He stopped and blinked away the tears that had been surprising him at intervals all night. He’d found himself weeping in a back alley where he’d hidden to avoid the Guard, and again standing in St Cloud’s room, seeing the inkwell still half-full, the hairs still in the comb, the notes on the pages left on the table:
Look up? Compare R’s version?
It was not so much embarrassing as inconvenient, distracting him from the task at hand. Which, just now, was to persuade four skeptical and grief-stricken men that, despite appearances, he was really on their side.

“As if you cared two pins about St Cloud,” Henry Fremont sneered. “You haven’t been around for weeks—couldn’t even be bothered to come with us yesterday morning, or stand with us, or—”

“Yes, I know,” Justis interrupted impatiently. “I was confused. But it’s not important now. What’s important is that it all not be for nothing—Doctor St Cloud’s work and the debate and all. Now, I have all his books and his papers . . .”

They all exclaimed at that, incredulous, jealous that they hadn’t thought of it themselves, excited at the possibilities, nervous of the consequences. Vandeleur wanted to hear how he’d done it; Godwin wanted to know where he’d stashed them; Fremont hoped the girl hadn’t had anything to do with it: women could never keep secrets. Lindley swept the room with a suspicious eye and said they’d better not talk of it in such a public place.

“No,” Justis said. “A public place is just where we must speak of it. There have been enough secrets and mysteries. The more people who know about all this, the better. This is the Blackbird’s Nest, man. It’s full of historians and metaphysicians. It’s in their interest to support us, not turn us in.”

“Us,” said Henry. “Who is us? I thought you were sick of scholars and University and anything that didn’t put food on the table.”

“I thought I was, too,” Justis said. “I was wrong.

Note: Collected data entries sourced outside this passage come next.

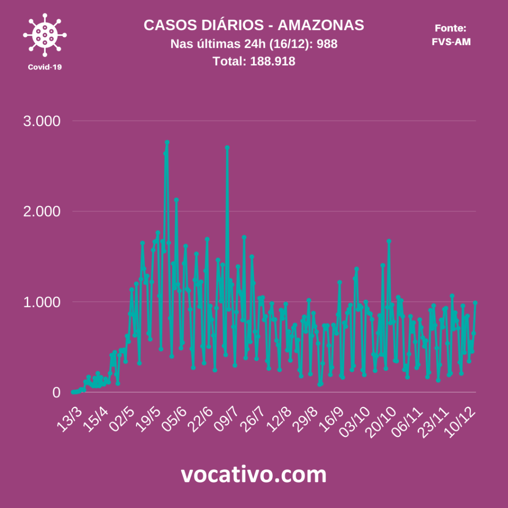 Segundo a Fundação de Vigilância em Saúde do Amazonas (FVS-AM) o estado registrou 988 novos casos de Covid-19 nesta quarta-feira (16/12). Os números de hoje totalizam 188.918 casos da doença no Estado. A informação consta no Boletim Diário de Covid-19, edição de nº 257. Você pode conferir todos os detalhes do boletim no site da FVS-AM.
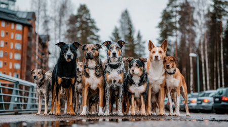 A group of dogs of various breeds and sizes are lined up and looking forward, with a backdrop of trees and buildings.
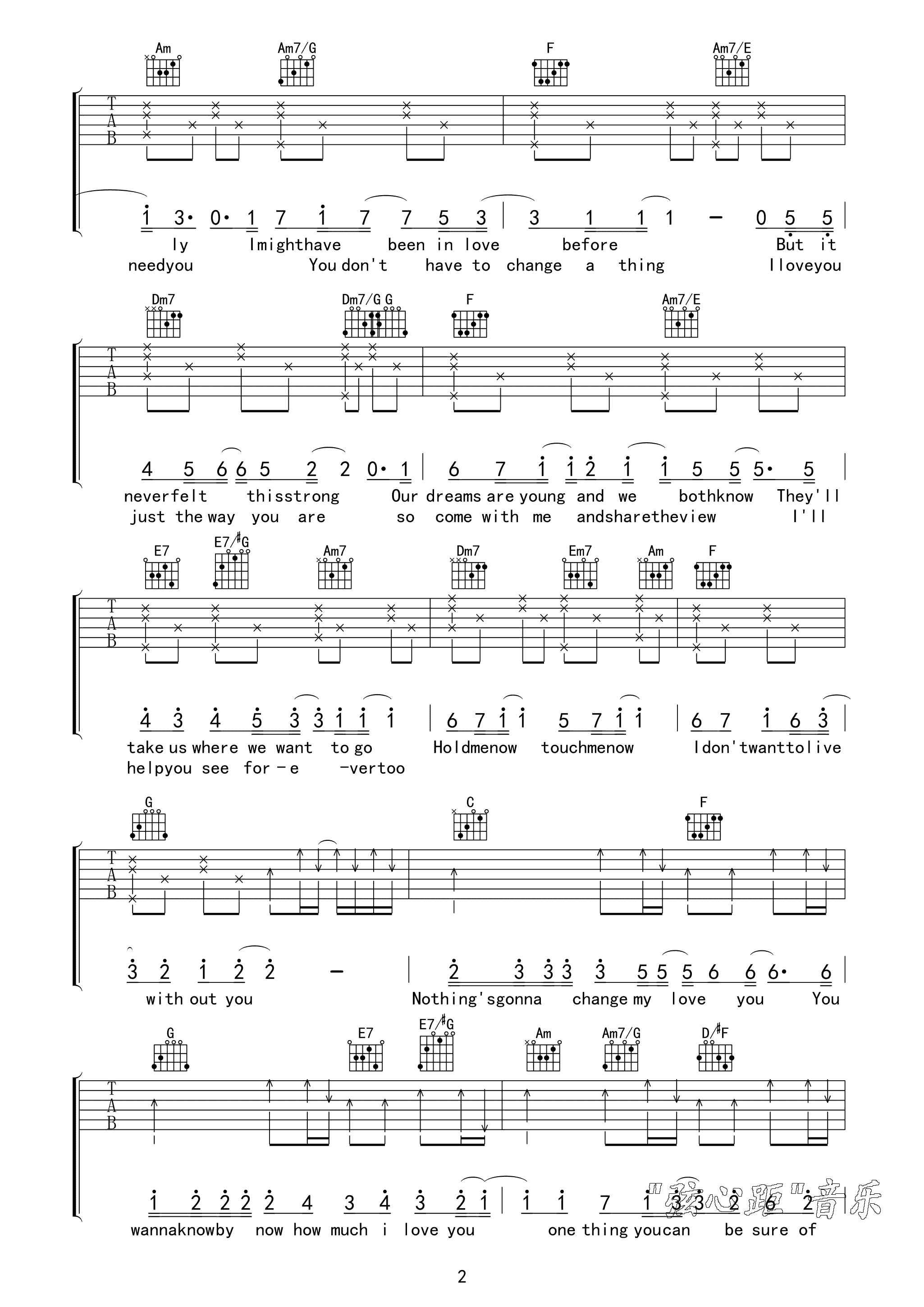 曲谱介绍: nothings《nothingsgonnachangemyloveforyou》吉他弹唱谱,采用C调指法编配,弦心距编配出品,共有3张高清图谱。

I’m going to take my degree in history, using St Cloud’s methods, and I’m going to become a Fellow and then a Doctor, and I’m going to teach ancient history the way Doctor St Cloud taught it, without lies.”

There was a stunned silence. “Right,” Godwin said. “And I’m going to be Dragon Chancellor.”

“No,” Lindley said slowly, “he could do it. With the sources he’d found and his notes—you did get all the notes, didn’t you?—and if Godwin here can persuade his father to talk some of the Governors around . . .”

“We still need a sponsor,” Fremont pointed out.

Vandeleur and Godwin answered as one: “Rugg.”

“He’s always held that History and Metaphysics were closely allied,” Vandeleur explained.

“And he called on us for revenge,” Godwin said. “You remember, Vandeleur, on the steps, when, when . . .”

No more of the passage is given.